- **Instructions for the task**: Restate all the lines below word for word, but omit the pictures.
===== Given records =====
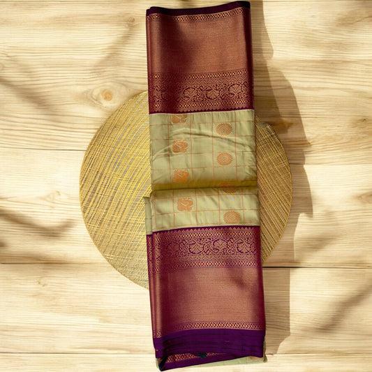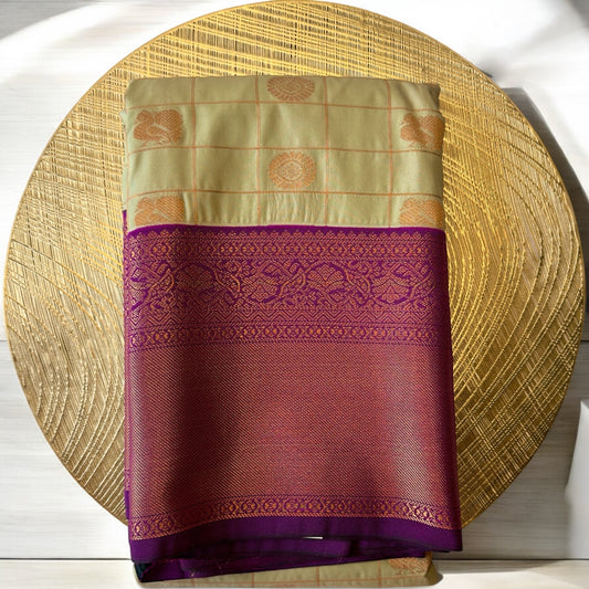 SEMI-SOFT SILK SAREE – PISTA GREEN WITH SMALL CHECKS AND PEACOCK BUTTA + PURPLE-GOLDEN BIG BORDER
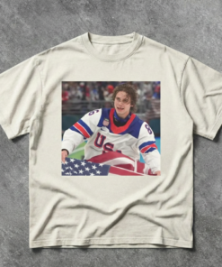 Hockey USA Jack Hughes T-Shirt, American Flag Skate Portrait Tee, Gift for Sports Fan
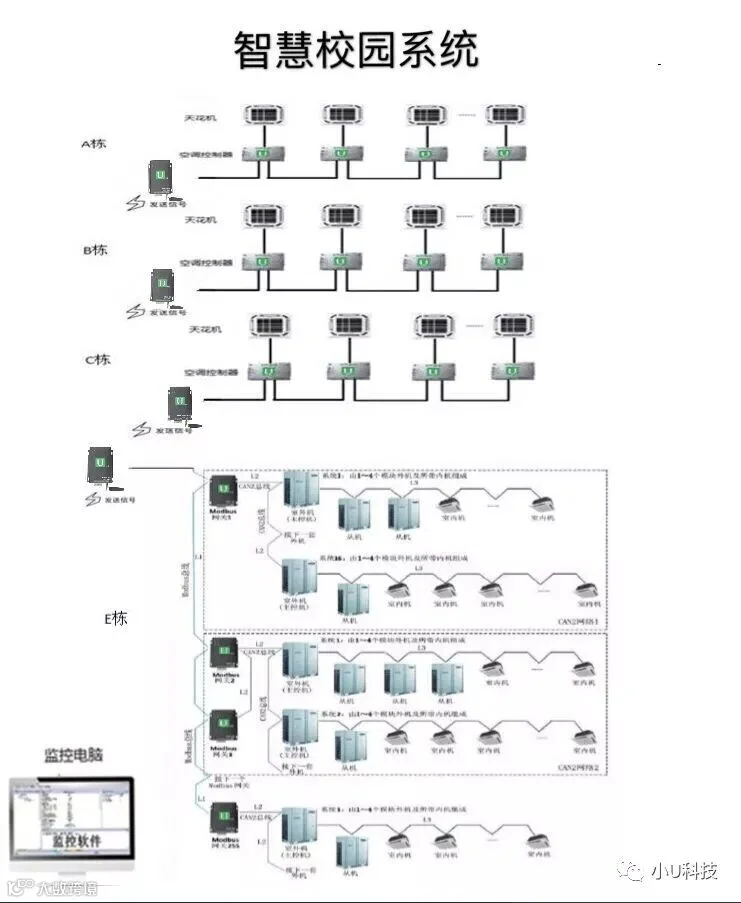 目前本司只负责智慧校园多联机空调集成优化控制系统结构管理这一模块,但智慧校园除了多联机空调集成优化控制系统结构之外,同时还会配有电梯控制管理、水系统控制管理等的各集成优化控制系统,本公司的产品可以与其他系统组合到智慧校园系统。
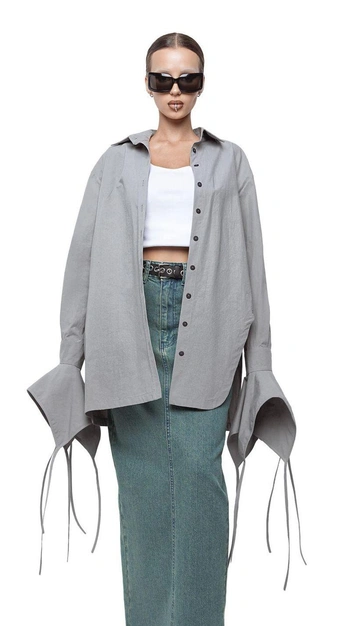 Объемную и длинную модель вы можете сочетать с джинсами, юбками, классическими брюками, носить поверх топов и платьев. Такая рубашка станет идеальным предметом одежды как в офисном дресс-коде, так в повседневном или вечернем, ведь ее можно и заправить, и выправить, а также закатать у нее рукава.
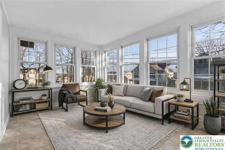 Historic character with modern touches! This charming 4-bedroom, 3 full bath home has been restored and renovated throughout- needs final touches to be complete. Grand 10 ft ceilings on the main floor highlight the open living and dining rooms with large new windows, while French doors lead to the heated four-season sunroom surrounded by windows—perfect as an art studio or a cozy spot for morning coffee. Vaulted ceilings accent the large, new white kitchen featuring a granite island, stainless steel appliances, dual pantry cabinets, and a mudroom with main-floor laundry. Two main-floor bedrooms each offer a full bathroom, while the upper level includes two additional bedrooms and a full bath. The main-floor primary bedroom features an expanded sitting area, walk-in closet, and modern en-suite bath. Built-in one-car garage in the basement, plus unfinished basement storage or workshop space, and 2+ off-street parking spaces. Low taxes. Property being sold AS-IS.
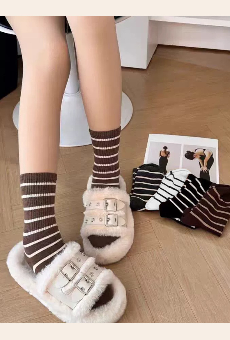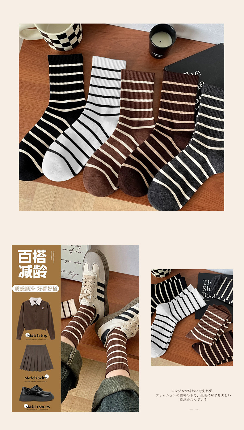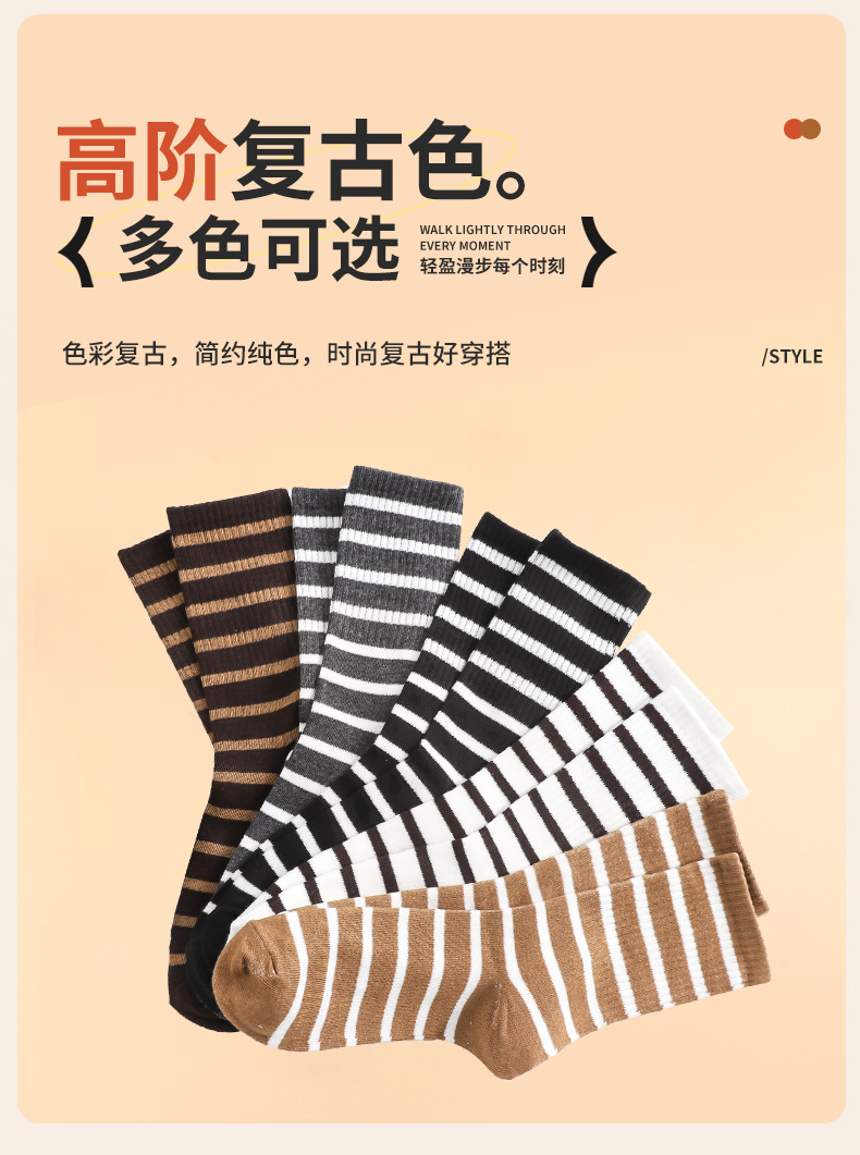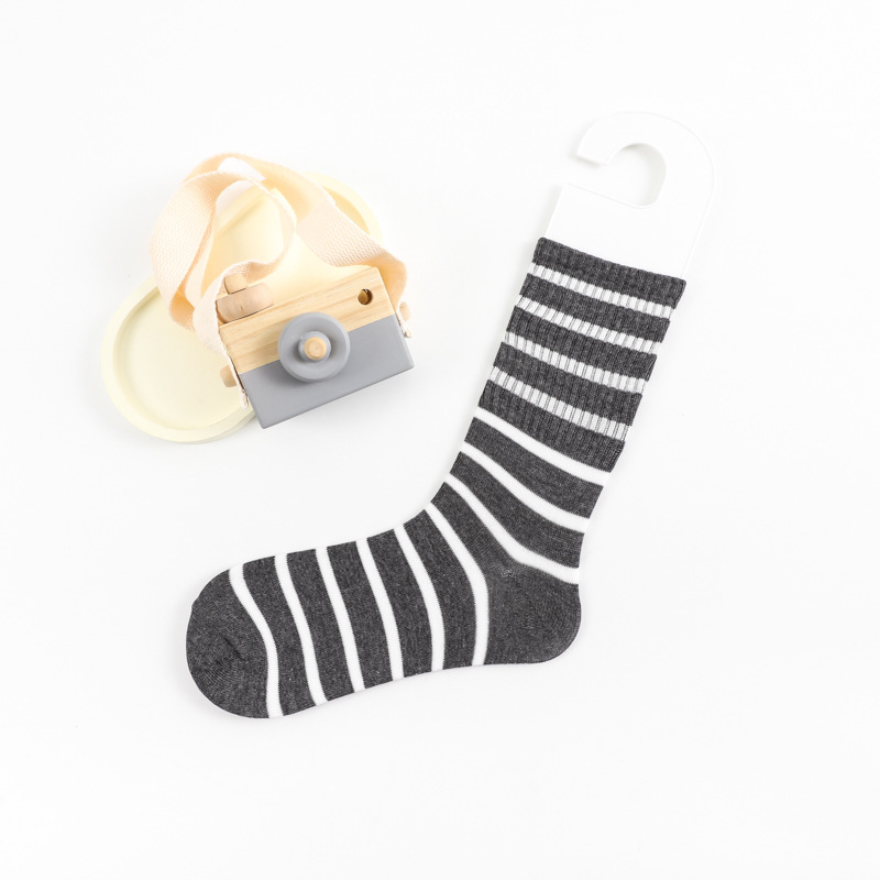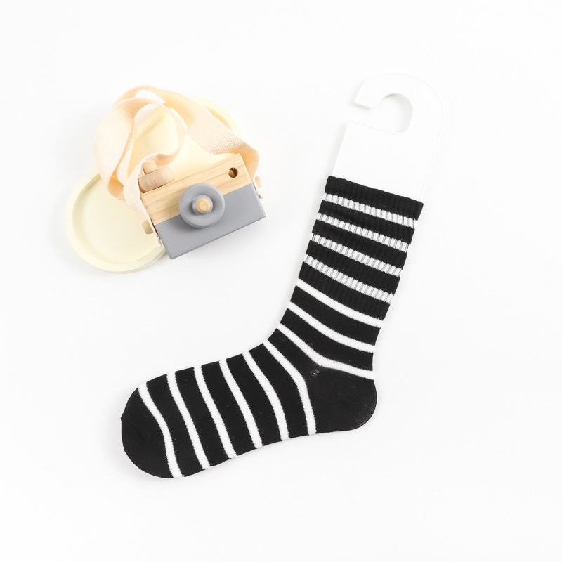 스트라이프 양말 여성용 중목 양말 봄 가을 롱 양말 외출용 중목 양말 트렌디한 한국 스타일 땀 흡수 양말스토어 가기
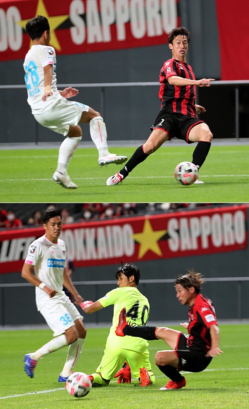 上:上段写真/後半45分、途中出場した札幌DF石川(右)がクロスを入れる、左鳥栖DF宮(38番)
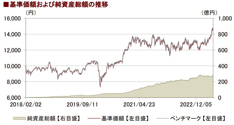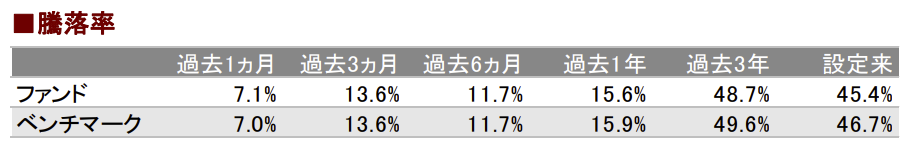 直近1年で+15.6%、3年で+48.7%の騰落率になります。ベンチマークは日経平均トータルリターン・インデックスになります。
=====
- **Answer space**:
 SEMI-SOFT SILK SAREE – PISTA GREEN WITH SMALL CHECKS AND PEACOCK BUTTA + PURPLE-GOLDEN BIG BORDER
 Hockey USA Jack Hughes T-Shirt, American Flag Skate Portrait Tee, Gift for Sports Fan
 目前本司只负责智慧校园多联机空调集成优化控制系统结构管理这一模块,但智慧校园除了多联机空调集成优化控制系统结构之外,同时还会配有电梯控制管理、水系统控制管理等的各集成优化控制系统,本公司的产品可以与其他系统组合到智慧校园系统。
 Объемную и длинную модель вы можете сочетать с джинсами, юбками, классическими брюками, носить поверх топов и платьев. Такая рубашка станет идеальным предметом одежды как в офисном дресс-коде, так в повседневном или вечернем, ведь ее можно и заправить, и выправить, а также закатать у нее рукава.
 Historic character with modern touches! This charming 4-bedroom, 3 full bath home has been restored and renovated throughout- needs final touches to be complete. Grand 10 ft ceilings on the main floor highlight the open living and dining rooms with large new windows, while French doors lead to the heated four-season sunroom surrounded by windows—perfect as an art studio or a cozy spot for morning coffee. Vaulted ceilings accent the large, new white kitchen featuring a granite island, stainless steel appliances, dual pantry cabinets, and a mudroom with main-floor laundry. Two main-floor bedrooms each offer a full bathroom, while the upper level includes two additional bedrooms and a full bath. The main-floor primary bedroom features an expanded sitting area, walk-in closet, and modern en-suite bath. Built-in one-car garage in the basement, plus unfinished basement storage or workshop space, and 2+ off-street parking spaces. Low taxes. Property being sold AS-IS.
 스트라이프 양말 여성용 중목 양말 봄 가을 롱 양말 외출용 중목 양말 트렌디한 한국 스타일 땀 흡수 양말스토어 가기
 上:上段写真/後半45分、途中出場した札幌DF石川(右)がクロスを入れる、左鳥栖DF宮(38番)
 直近1年で+15.6%、3年で+48.7%の騰落率になります。ベンチマークは日経平均トータルリターン・インデックスになります。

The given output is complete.